*** Opening SOURCE MATERIAL ***

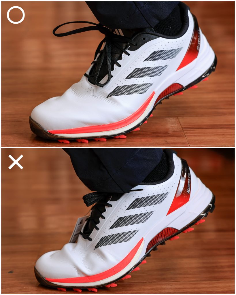 スニーカー感覚で大きめを選ぶ人も多いが、ゴルフシューズでは絶対NG。また「脱ぎ履きがラク」という基準も、1ラウンド5~6時間履くシューズのわずか1分の手間を優先するのは理にかなっていないと織畠さん。
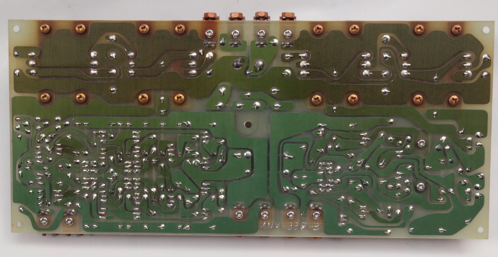C42. 修理前 定電圧電源基盤裏。基板はガラスエポキシ基板、銅箔は厚い。
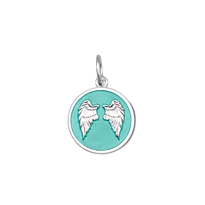 Seafoam Lola angel wings fly pendant symbolizing love, protection, and remembrance by Be Charmed. Available at Be Charmed
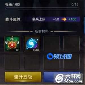 英雄的等级限制于玩家也就是领主的等级,为了更好地属性,英雄等级最好和领主等级持平。材料为英雄经验和战魂。
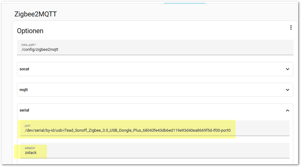 Einstellungen → Add-ons → Zigbee2MQTT → Konfiguration → Serial
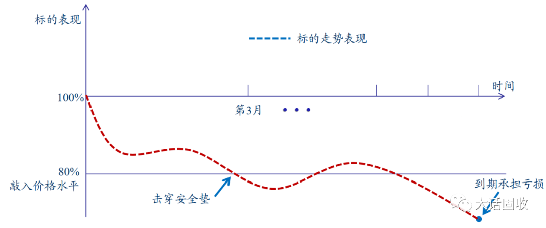 比較差的情況,標的指數在期間跌破了期初價格80%,而且到期的時候還在期初價格之下,那就要承擔本金虧損了。自然,離期初價格越遠虧得越多。
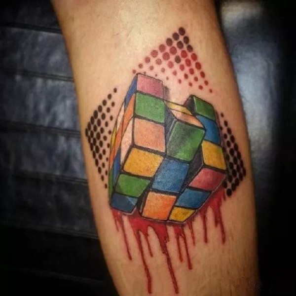 魔方纹身图案 男生手臂上黑色的魔方纹身图片
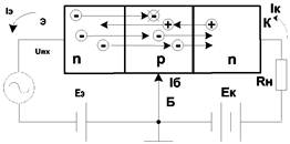 В базе электроны рекомбинируют, а их концентрация в базе пополняется от «+» источника Еэ, за счет чего в цепи базы будет протекать очень малый ток. Оставшиеся электроны, не успевшие рекомбинировать в базе, под ускоряющим действием поля закрытого коллекторного перехода как неосновные носители будут переходить в коллектор, образуя ток коллектора. Степень рекомбинации носителей зарядов в базе оценивается коэффициентом перехода носителей зарядов.
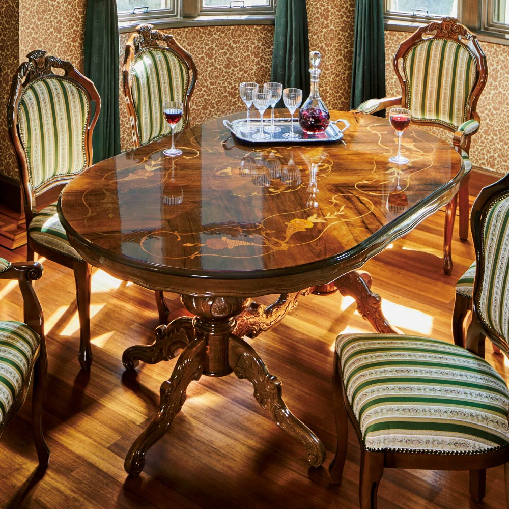◆テーブル全体に象がん細工を施した贅沢で風格漂うヨーロピアンデザイン。
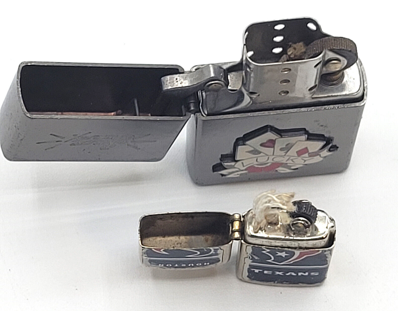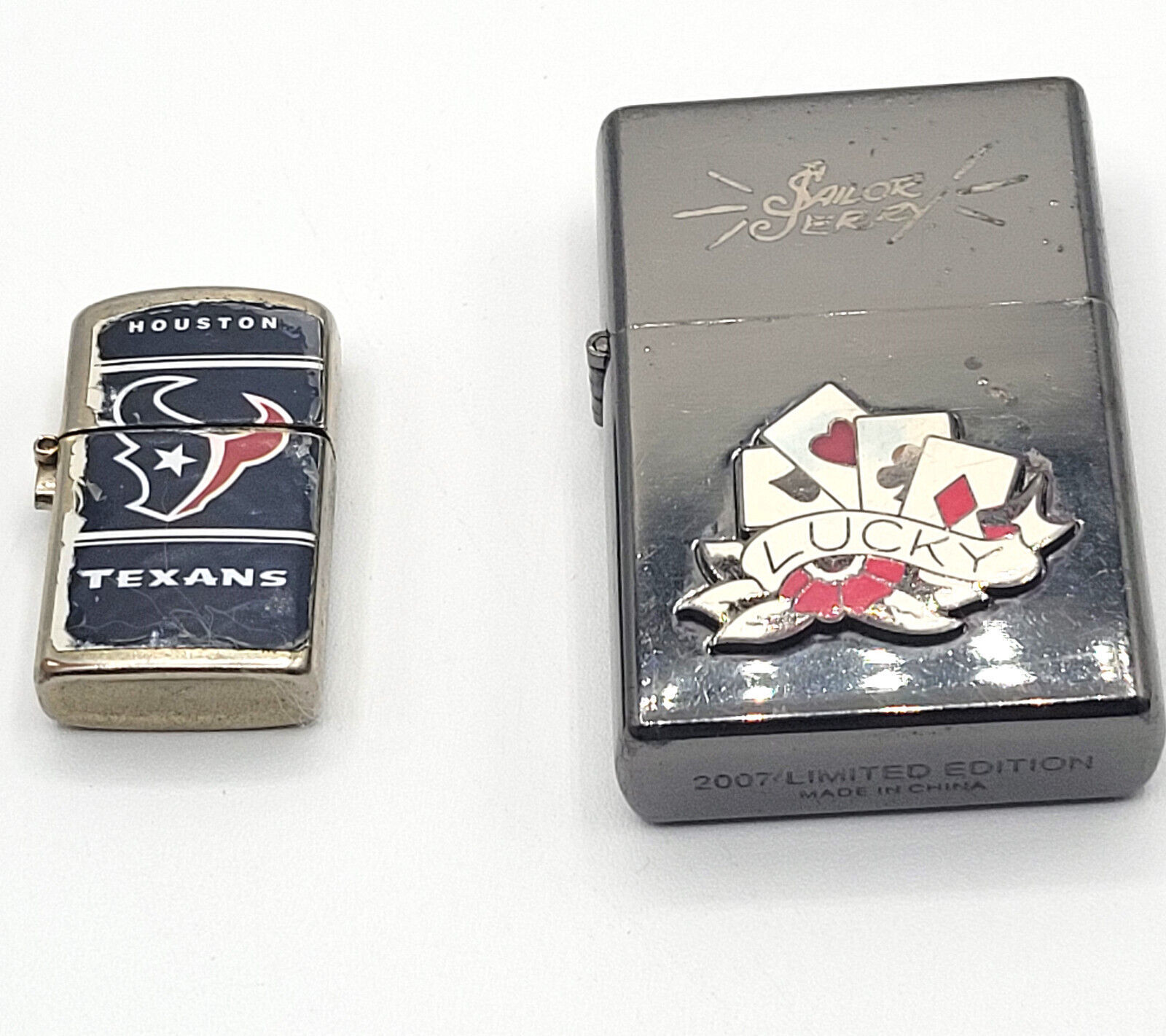 2 Vintage Promotional Cigarette Lighters Houston Texans, Sailor Jerry
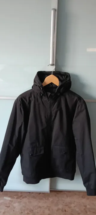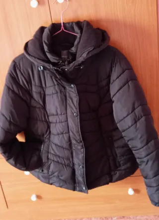 Anorak negro de Primark con capucha, super calentito para frioleras. - Cierre de botones y cremallera. - Bolsillos laterales con cremallera. - Diseño acolchado. - Capucha Talla L
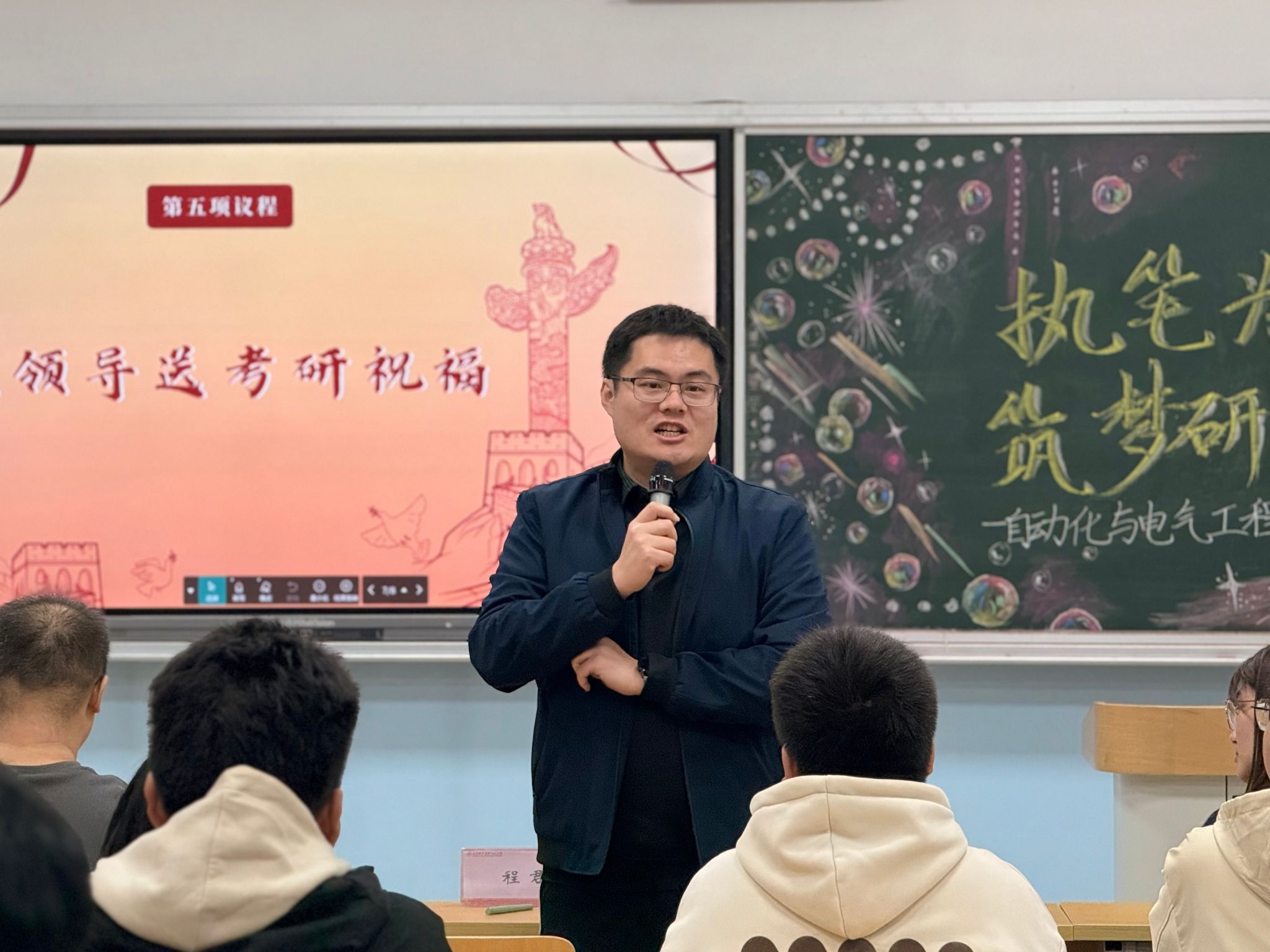 最后,程君与董建为同学们送上真挚祝福,鼓励大家珍惜时光、脚踏实地,以坚韧不拔的毅力攻克难关,在研途上书写精彩篇章,并表示学院将全力为考研学子提供支持与保障,为学生考研之路保驾护航
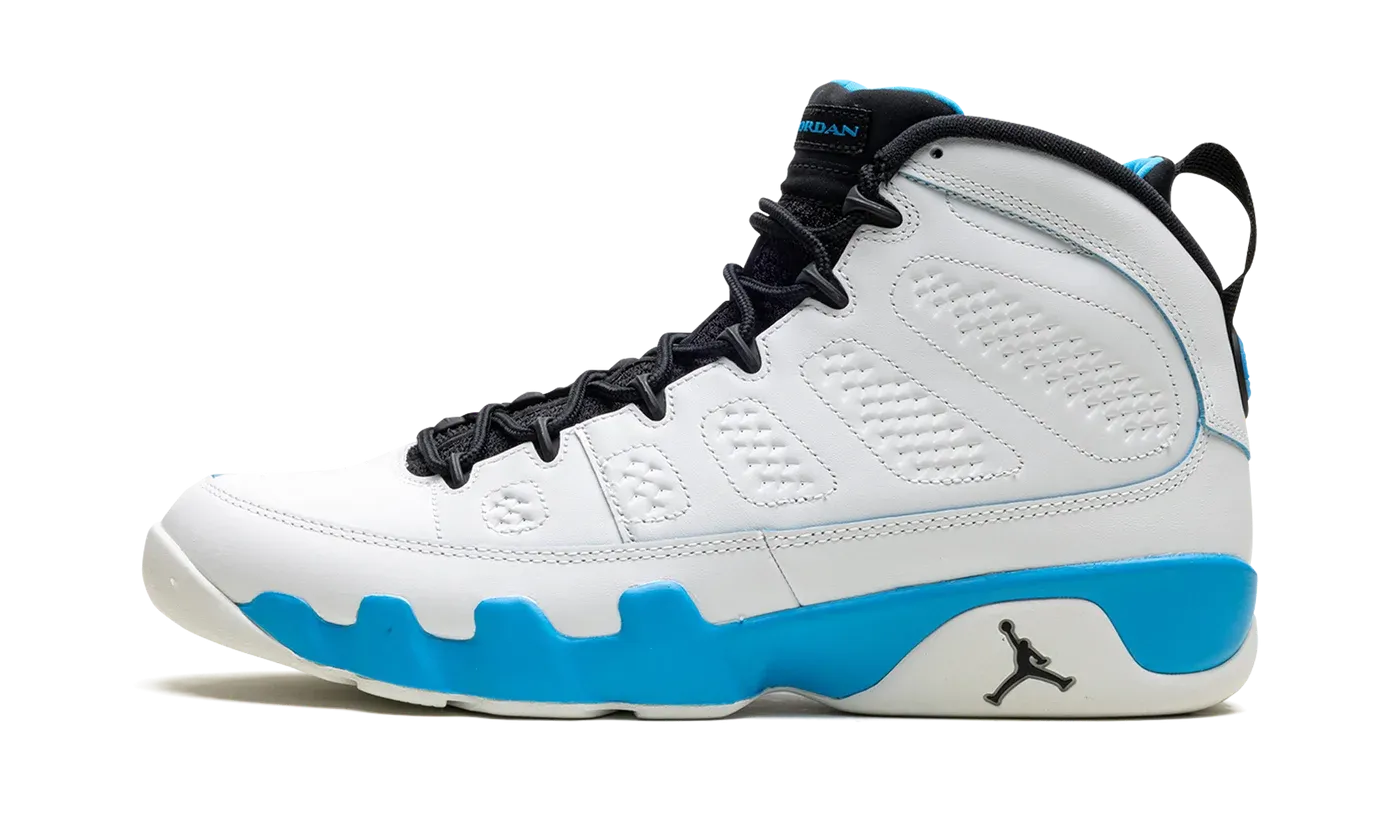 The Air Jordan 9 OG "Powder Blue" is an original colorway of Michael Jordan's ninth signature shoe that debuted in 1993 before it was brought back in 2010 and here, in 2024. The modern version of the "Powder Blue" Jordan 9 is crafted in the spirit of the original style from '93. Moreover, the "Powder Blue" theme is inspired by Jordan's alma mater, the University of North Carolina. The shoe is complete with a white leather construction with Powder Blue accenting on the midsole. The inner lining is also featured in Powder Blue, as is the "Jordan" branding on the tongue, and the "globe" emblem on the heel. A small Jumpman on the side of the heel of the midsole completes the look of this classic sneaker.
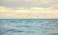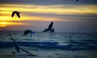 I witnessed the most beautiful sunrise I've ever seen. There was some traffic on the way from Miami to Miami Beach, but with the yachts and buildings on both sides, it wasn't boring. I highly recommend getting up early to watch the sunrise in South Beach, as the beach faces east and there are fewer people in the morning, making for particularly large waves and perfect for taking beautiful photos. The seagulls in South Beach practically flew overhead, remaining motionless – a truly endearing sight.
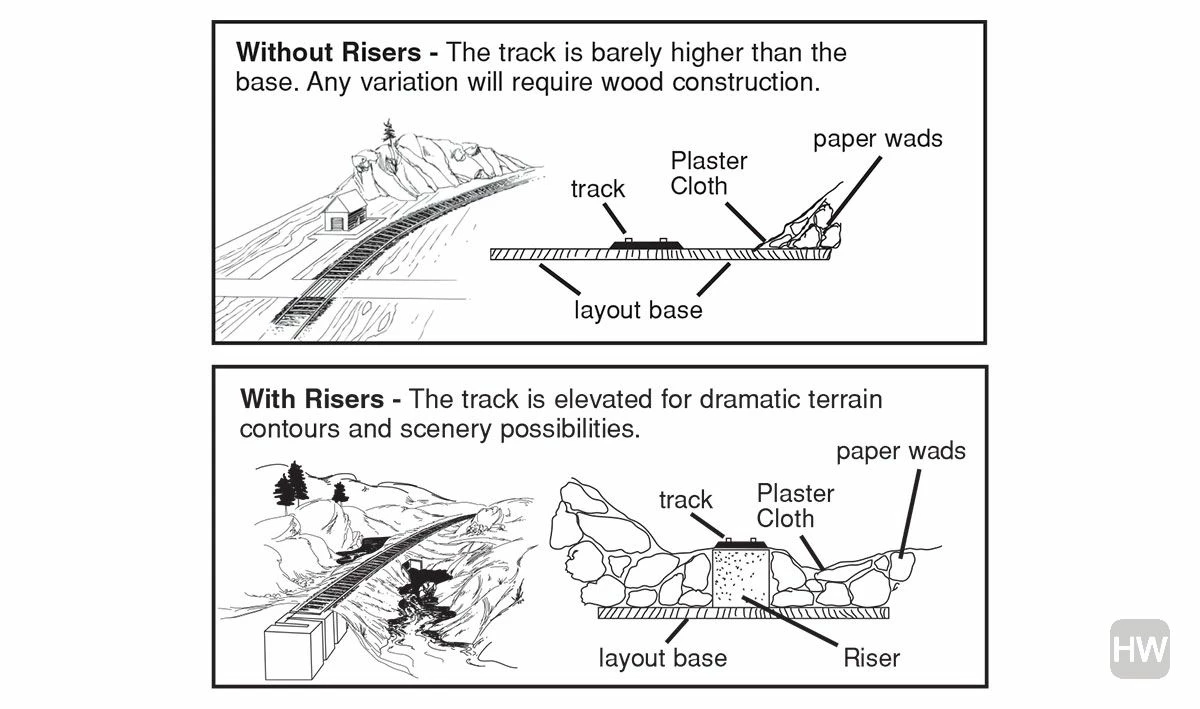 Risers are generally used with Incline/Decline Starters to create varying grades on your layout. Risers are easily flexed to form curves and work on plywood or foam bases. To install, pin in place with Foam Nails and attach with Foam Tackâ„¢ Glue or Low Temp Foam Glue Gun and Glue Sticks.
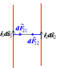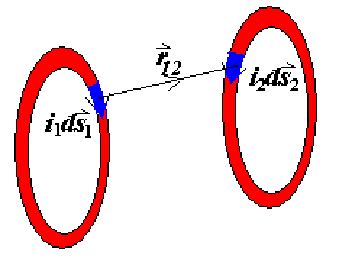 F_{21} = \frac{\mu_0}{4 \pi} \frac{i_1 ds_1 \times (i_2ds_2 \times \hat{r_{21}})}{r_{21}^2}
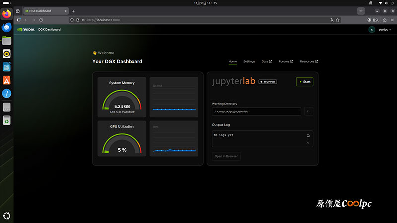 預先安裝好的 DGX 儀表板,可以讓你即時知道記憶體和 GPU 使用負載狀況,相當貼心!剩下的功能就交給玩家們去摸索囉。
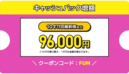 - キャッシュバック 1ギガ40,000円(10ギガ45,000円)
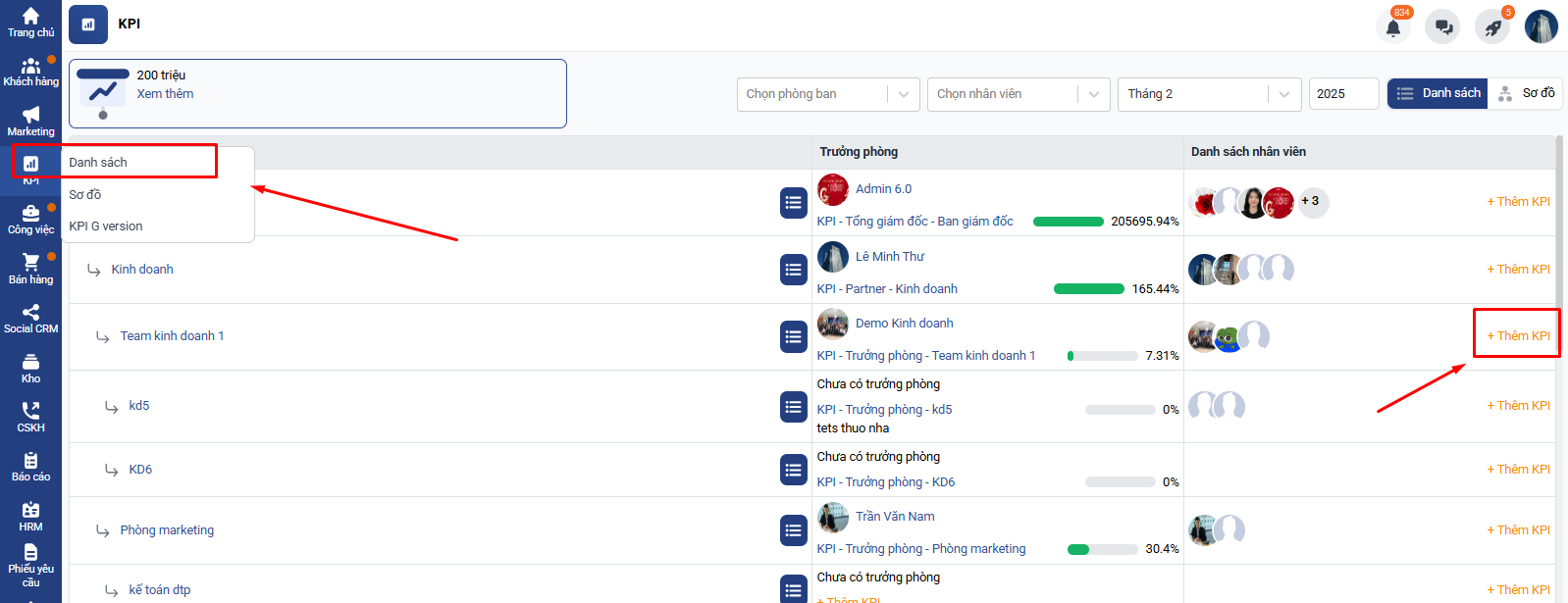 Bước 1: Chọn KPI → Danh sách → Chọn phòng cần giao KPI → Click thêm mới KPI
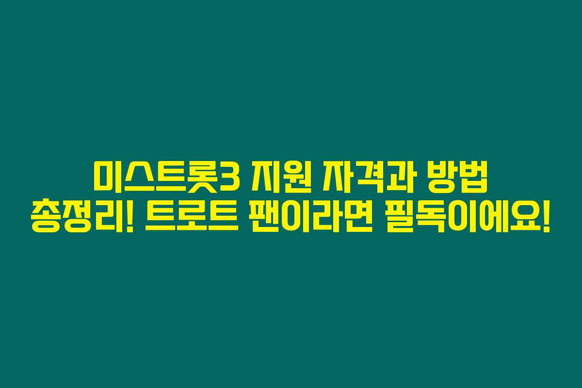 트로트의 열풍이 계속 이어지고 있는 요즘, 여러분은 혹시 미스트롯3 지원 소식은 들었나요? 미스트롯3의 참가자 모집이 시작되었답니다. 혹시 지원 자격이나 방법 때문에 고민하고 계신가요? 그러면 아래를 읽어보시면 해당 정보가 쏙 들어오실 거예요! 특히 트로트를 사랑하는 분들이라면 놓치지 말고 자세히 확인해보세요.
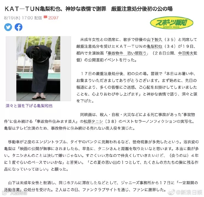 19日,自龟梨和也、山下智久一同受到杰尼斯事务所的严重警告处分后,龟梨首次出现在公开场合。他表情严肃地说道:“感谢大家今天到来现场。首先,对于前几天的报道给很多人带来了困扰和担心,我由衷地表示歉意。”发言结束后,他向大家鞠了一躬。

*** Closing SOURCE MATERIAL ***

▶ **PROBLEM**: Nothing outside the stretch above, from the line with "В базе электроны" through the line with "I witnessed the", is set down. Transcribe that stretch exactly, ends included, but not its pictures.

▶ **SOLUTION TO THE EXERCISE**:
 В базе электроны рекомбинируют, а их концентрация в базе пополняется от «+» источника Еэ, за счет чего в цепи базы будет протекать очень малый ток. Оставшиеся электроны, не успевшие рекомбинировать в базе, под ускоряющим действием поля закрытого коллекторного перехода как неосновные носители будут переходить в коллектор, образуя ток коллектора. Степень рекомбинации носителей зарядов в базе оценивается коэффициентом перехода носителей зарядов.
◆テーブル全体に象がん細工を施した贅沢で風格漂うヨーロピアンデザイン。
 2 Vintage Promotional Cigarette Lighters Houston Texans, Sailor Jerry
 Anorak negro de Primark con capucha, super calentito para frioleras. - Cierre de botones y cremallera. - Bolsillos laterales con cremallera. - Diseño acolchado. - Capucha Talla L
 最后,程君与董建为同学们送上真挚祝福,鼓励大家珍惜时光、脚踏实地,以坚韧不拔的毅力攻克难关,在研途上书写精彩篇章,并表示学院将全力为考研学子提供支持与保障,为学生考研之路保驾护航
 The Air Jordan 9 OG "Powder Blue" is an original colorway of Michael Jordan's ninth signature shoe that debuted in 1993 before it was brought back in 2010 and here, in 2024. The modern version of the "Powder Blue" Jordan 9 is crafted in the spirit of the original style from '93. Moreover, the "Powder Blue" theme is inspired by Jordan's alma mater, the University of North Carolina. The shoe is complete with a white leather construction with Powder Blue accenting on the midsole. The inner lining is also featured in Powder Blue, as is the "Jordan" branding on the tongue, and the "globe" emblem on the heel. A small Jumpman on the side of the heel of the midsole completes the look of this classic sneaker.
 I witnessed the most beautiful sunrise I've ever seen. There was some traffic on the way from Miami to Miami Beach, but with the yachts and buildings on both sides, it wasn't boring. I highly recommend getting up early to watch the sunrise in South Beach, as the beach faces east and there are fewer people in the morning, making for particularly large waves and perfect for taking beautiful photos. The seagulls in South Beach practically flew overhead, remaining motionless – a truly endearing sight.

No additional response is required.